0

I'm struggling with converting of local json files into parquet files. Each file should be converted with pandas to a parquet file and save it, so i have the same amount of files, just as parquets.

I looped through my directory and became a list of all my json files existing and put them into a pandas dataframe.

path = 'trackingdata/'

df = list()
for root, dirs, files in os.walk(path, topdown=False):
   for name in files:
      df.append(os.path.join(root, name))
df = pd.DataFrame(df)     

Is it better to loop trough the dataframe now and transform each file with

df.to_parquet('trackingdata.parquet')

or would it be better to write the transformation into the code above after looping through the dir?

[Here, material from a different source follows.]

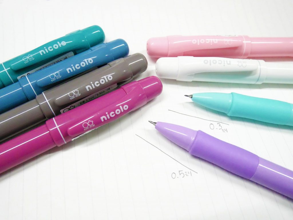 くすみカラーがおしゃれ♪右にひねると0.3mm、左にひねると0.5mmになる便利なシャープペンシル。1本で2種類の芯を使い分けできます。

And how can i transform each of the files to parquet without joining all together?

stained
  • 3
  • 1

1 Answers1

0

How about defining a json_to_parquet converter:

def json_to_parquet(filepath):
    df = pd.read_json(filepath, typ='series').to_frame("name")
    parquet_file = filepath.split(".")[0] + ".parquet"
    df.to_parquet(parquet_file)

Depending on how your json is formatted you may need to change the read_json line and/or use the tips here

Then just processing each file one at at time:

path = 'trackingdata/'

for root, dirs, files in os.walk(path, topdown=False):
    for name in files:
        json_to_parquet(os.path.join(root, name))
dataflow
  • 475
  • 2
  • 12